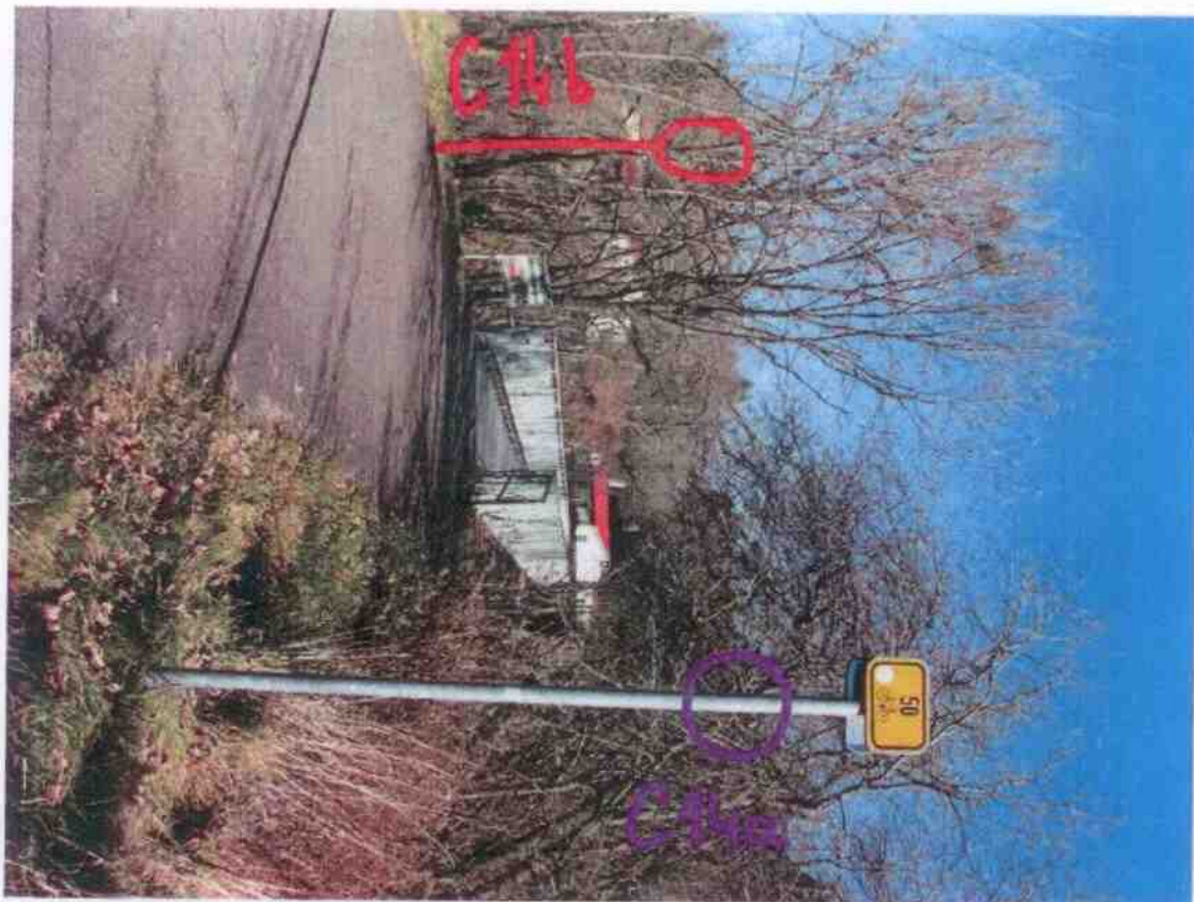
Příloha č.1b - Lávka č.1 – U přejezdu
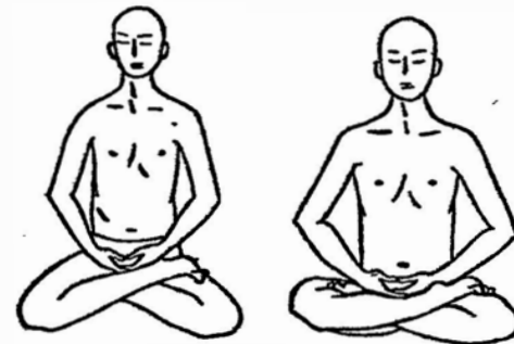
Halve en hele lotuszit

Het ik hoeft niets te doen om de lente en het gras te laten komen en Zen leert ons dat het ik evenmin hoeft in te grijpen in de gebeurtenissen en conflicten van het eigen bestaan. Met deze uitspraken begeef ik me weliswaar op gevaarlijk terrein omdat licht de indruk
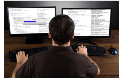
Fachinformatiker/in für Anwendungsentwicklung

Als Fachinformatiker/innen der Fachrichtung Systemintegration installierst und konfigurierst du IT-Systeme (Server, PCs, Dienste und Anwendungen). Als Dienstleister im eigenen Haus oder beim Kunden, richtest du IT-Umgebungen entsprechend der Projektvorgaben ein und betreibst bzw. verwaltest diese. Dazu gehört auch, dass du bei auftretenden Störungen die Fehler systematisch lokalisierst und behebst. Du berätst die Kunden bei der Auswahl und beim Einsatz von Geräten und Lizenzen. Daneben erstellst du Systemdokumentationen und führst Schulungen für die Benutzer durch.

────────────────────────────────────────

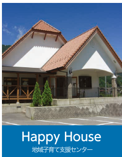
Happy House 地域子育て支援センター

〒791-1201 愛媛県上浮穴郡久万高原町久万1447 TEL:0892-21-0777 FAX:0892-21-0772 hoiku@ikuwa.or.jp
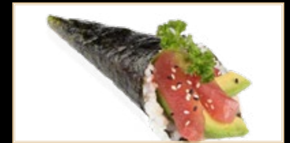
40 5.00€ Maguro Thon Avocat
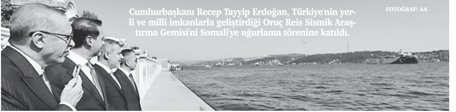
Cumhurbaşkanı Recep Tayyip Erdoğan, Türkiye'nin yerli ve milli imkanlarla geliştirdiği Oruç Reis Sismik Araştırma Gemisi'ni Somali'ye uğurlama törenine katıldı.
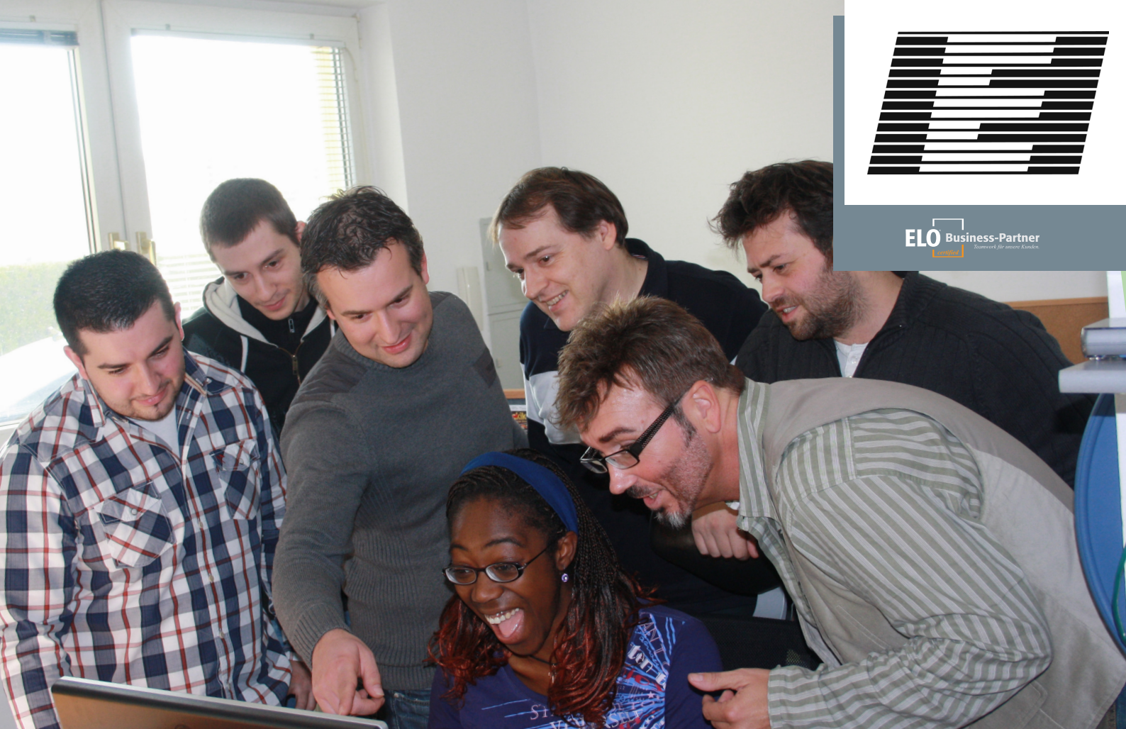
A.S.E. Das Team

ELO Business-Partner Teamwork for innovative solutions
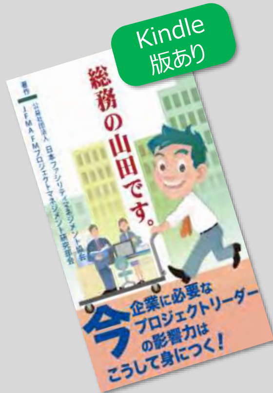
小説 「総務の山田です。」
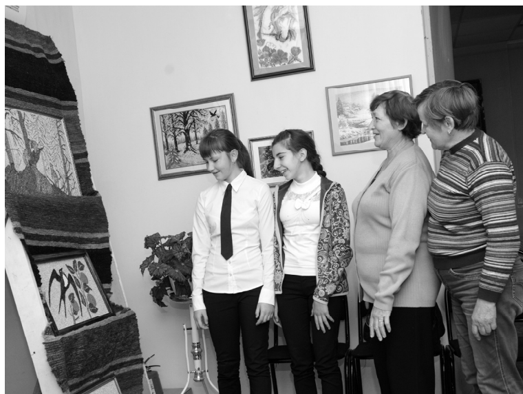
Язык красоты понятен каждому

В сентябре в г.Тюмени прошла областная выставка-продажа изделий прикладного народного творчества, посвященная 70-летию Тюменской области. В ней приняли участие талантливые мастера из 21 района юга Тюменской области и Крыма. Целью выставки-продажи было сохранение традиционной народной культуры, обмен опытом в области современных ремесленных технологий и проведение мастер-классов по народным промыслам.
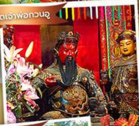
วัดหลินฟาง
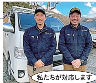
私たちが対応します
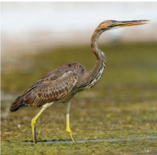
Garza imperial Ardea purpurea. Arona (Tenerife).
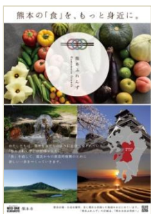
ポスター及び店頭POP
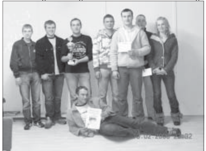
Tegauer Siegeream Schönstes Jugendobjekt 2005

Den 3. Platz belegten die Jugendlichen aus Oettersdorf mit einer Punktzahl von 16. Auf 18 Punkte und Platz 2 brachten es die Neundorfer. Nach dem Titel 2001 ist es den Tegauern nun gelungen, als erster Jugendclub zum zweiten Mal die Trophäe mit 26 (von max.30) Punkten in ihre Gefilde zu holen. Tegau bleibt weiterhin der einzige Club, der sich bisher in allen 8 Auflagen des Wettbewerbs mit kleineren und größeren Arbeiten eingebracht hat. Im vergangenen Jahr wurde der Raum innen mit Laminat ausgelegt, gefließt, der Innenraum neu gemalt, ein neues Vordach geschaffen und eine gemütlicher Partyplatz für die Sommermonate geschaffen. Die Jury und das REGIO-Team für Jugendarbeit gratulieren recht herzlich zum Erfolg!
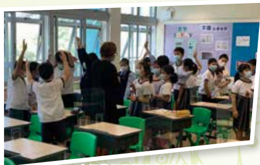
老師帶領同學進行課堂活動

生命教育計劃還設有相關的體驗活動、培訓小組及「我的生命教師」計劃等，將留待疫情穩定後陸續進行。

────────────────────────────────────────

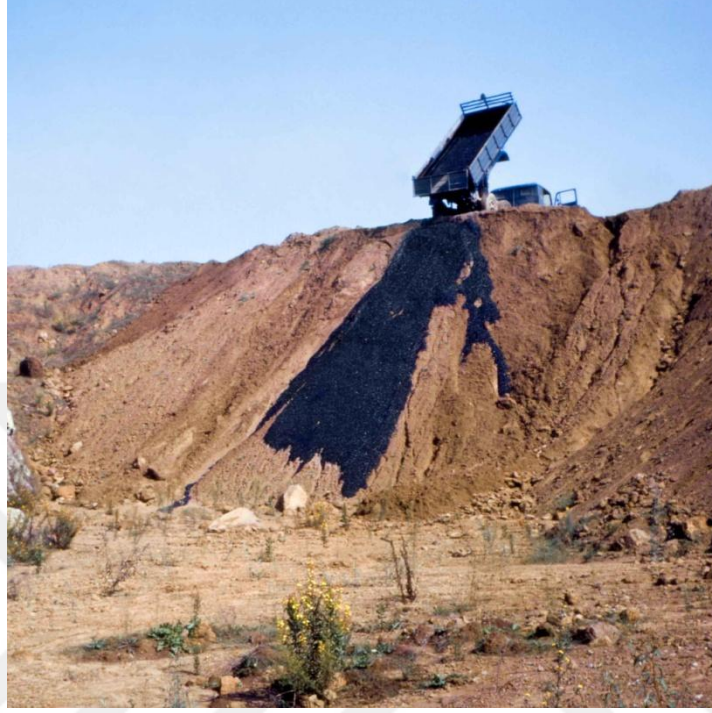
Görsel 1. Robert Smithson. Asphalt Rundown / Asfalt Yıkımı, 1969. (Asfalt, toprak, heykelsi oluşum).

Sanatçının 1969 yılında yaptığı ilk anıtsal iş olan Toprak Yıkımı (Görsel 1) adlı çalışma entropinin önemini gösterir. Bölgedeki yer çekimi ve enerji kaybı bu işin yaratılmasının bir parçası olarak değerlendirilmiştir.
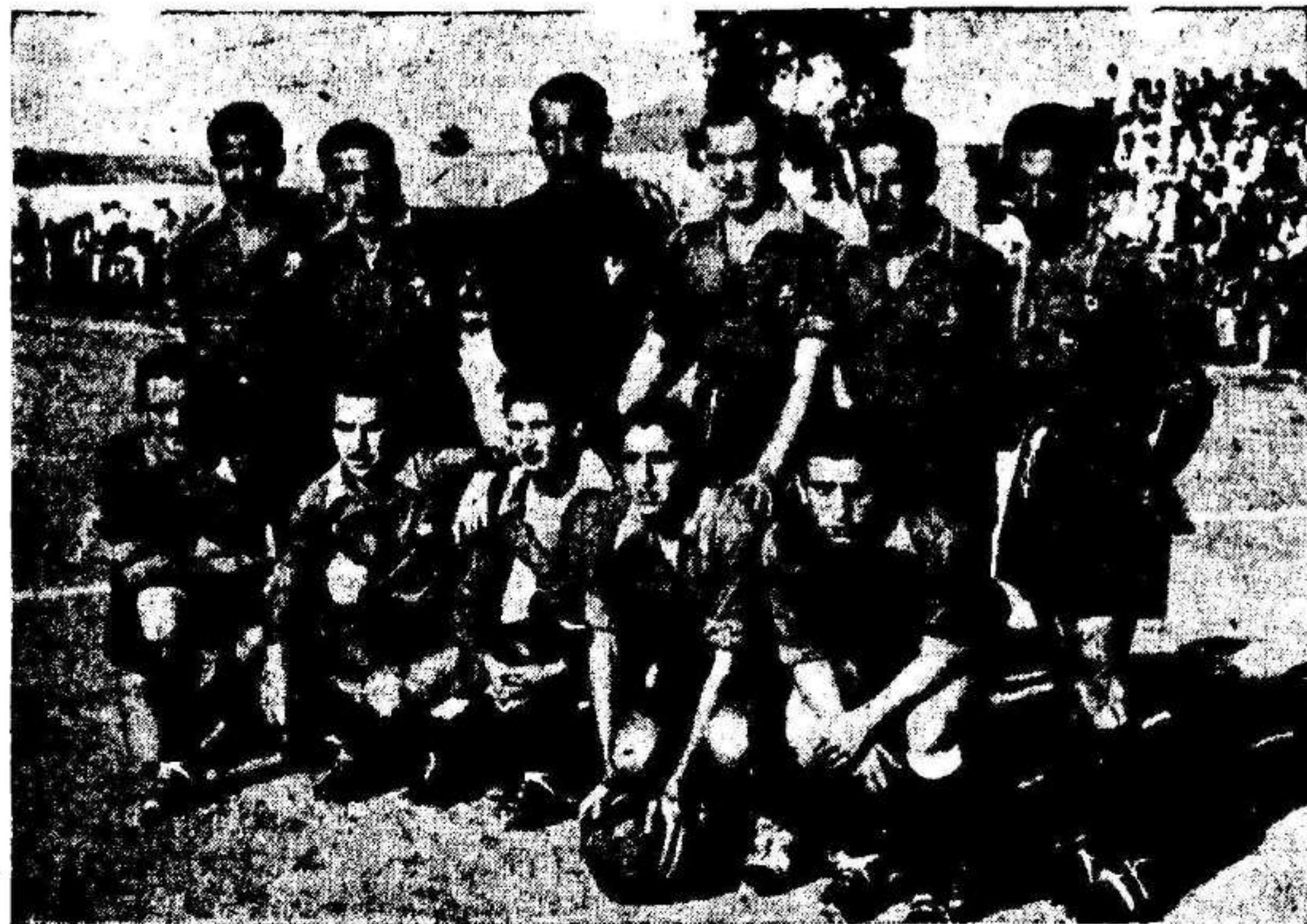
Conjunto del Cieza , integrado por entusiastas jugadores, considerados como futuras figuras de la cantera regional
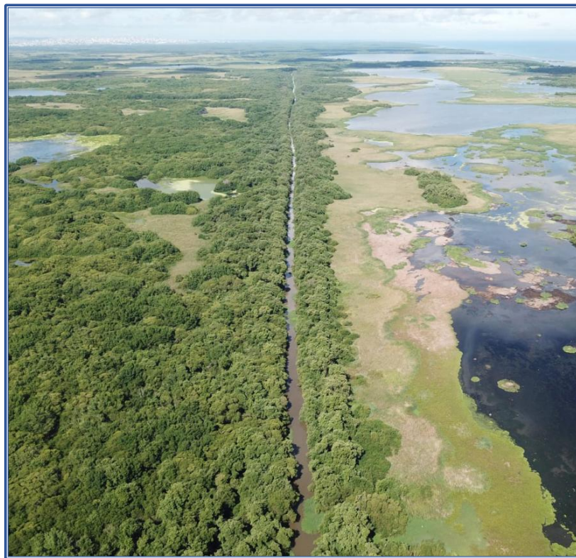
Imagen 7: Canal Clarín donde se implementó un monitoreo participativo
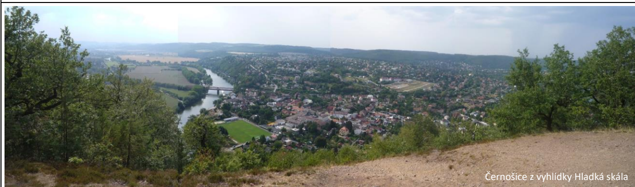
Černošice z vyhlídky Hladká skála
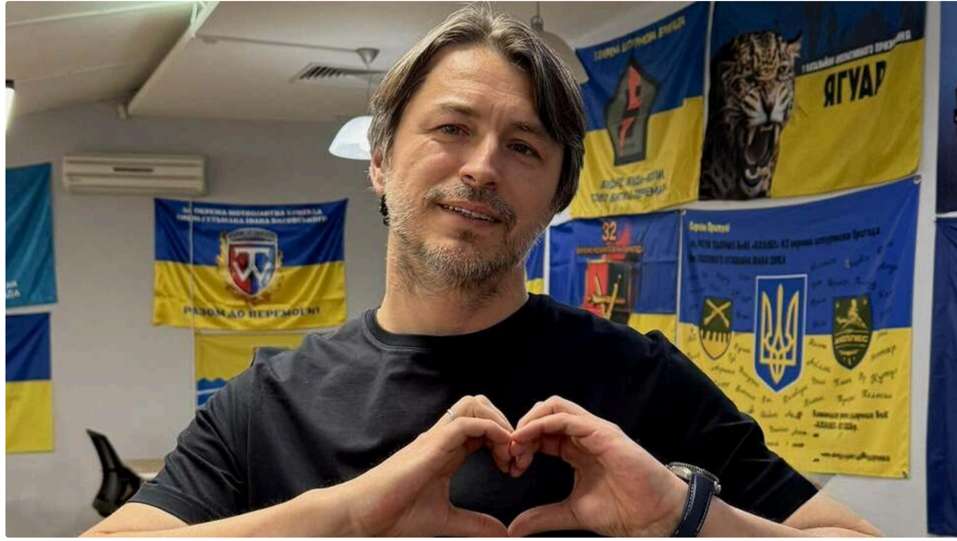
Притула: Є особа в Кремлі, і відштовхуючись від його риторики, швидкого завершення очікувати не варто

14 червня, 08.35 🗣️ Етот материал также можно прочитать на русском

────────────────────────────────────────

Directions ▸
In the material above, which lines fall between the one holding "Garza imperial Ardea" and the one holding "生命教育計劃還設有相關的體驗", inclusive? Print exactly those, with the pictures left out.

Reply to the task ▸
Garza imperial Ardea purpurea. Arona (Tenerife).
ポスター及び店頭POP
Tegauer Siegeream Schönstes Jugendobjekt 2005

Den 3. Platz belegten die Jugendlichen aus Oettersdorf mit einer Punktzahl von 16. Auf 18 Punkte und Platz 2 brachten es die Neundorfer. Nach dem Titel 2001 ist es den Tegauern nun gelungen, als erster Jugendclub zum zweiten Mal die Trophäe mit 26 (von max.30) Punkten in ihre Gefilde zu holen. Tegau bleibt weiterhin der einzige Club, der sich bisher in allen 8 Auflagen des Wettbewerbs mit kleineren und größeren Arbeiten eingebracht hat. Im vergangenen Jahr wurde der Raum innen mit Laminat ausgelegt, gefließt, der Innenraum neu gemalt, ein neues Vordach geschaffen und eine gemütlicher Partyplatz für die Sommermonate geschaffen. Die Jury und das REGIO-Team für Jugendarbeit gratulieren recht herzlich zum Erfolg!
老師帶領同學進行課堂活動

生命教育計劃還設有相關的體驗活動、培訓小組及「我的生命教師」計劃等，將留待疫情穩定後陸續進行。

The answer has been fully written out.